AUTHOR=Yip Hiu F. , Chowdhury Debajyoti , Wang Kexin , Liu Yujie , Gao Yao , Lan Liang , Zheng Chaochao , Guan Daogang , Lam Kei F. , Zhu Hailong , Tai Xuecheng , Lu Aiping TITLE=ReDisX, a machine learning approach, rationalizes rheumatoid arthritis and coronary artery disease patients uniquely upon identifying subpopulation differentiation markers from their genomic data JOURNAL=Frontiers in Medicine VOLUME=9 YEAR=2022 URL=https://www.frontiersin.org/journals/medicine/articles/10.3389/fmed.2022.931860 DOI=10.3389/fmed.2022.931860 ISSN=2296-858X ABSTRACT=

Diseases originate at the molecular-genetic layer, manifest through altered biochemical homeostasis, and develop symptoms later. Hence, symptomatic diagnosis is inadequate to explain the underlying molecular-genetic abnormality and individual genomic disparities. The current trends include molecular-genetic information relying on algorithms to recognize the disease subtypes through gene expressions. Despite their disposition toward disease-specific heterogeneity and cross-disease homogeneity, a gap still exists in describing the extent of homogeneity within the heterogeneous subpopulation of different diseases. They are limited to obtaining the holistic sense of the whole genome-based diagnosis resulting in inaccurate diagnosis and subsequent management. Addressing those ambiguities, our proposed framework, ReDisX, introduces a unique classification system for the patients based on their genomic signatures.
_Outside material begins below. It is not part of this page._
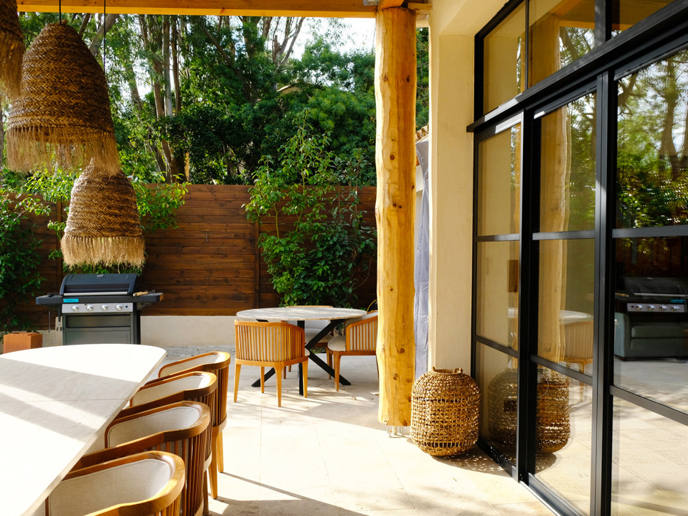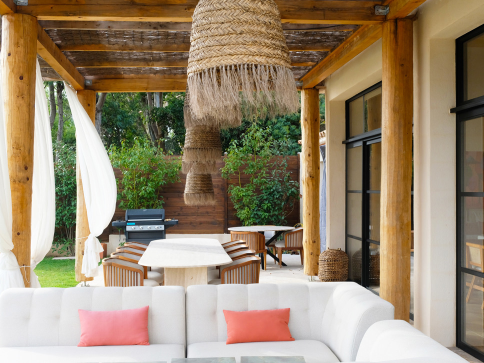 Hier vindt u ook de grote Weber BBQ en een eettafel met 10 zitplaatsen. Bij de comfortabele loungeset zorgen mooie linnen gordijnen desgewenst voor extra schaduw.

In this study, it is a scalable machine learning algorithm deployed to re-categorize the patients with rheumatoid arthritis and coronary artery disease. It reveals heterogeneous subpopulations within a disease and homogenous subpopulations across different diseases. Besides, it identifies granzyme B (GZMB) as a subpopulation-differentiation marker that plausibly serves as a prominent indicator for GZMB-targeted drug repurposing. The ReDisX framework offers a novel strategy to redefine disease diagnosis through characterizing personalized genomic signatures. It may rejuvenate the landscape of precision and personalized diagnosis and a clue to drug repurposing.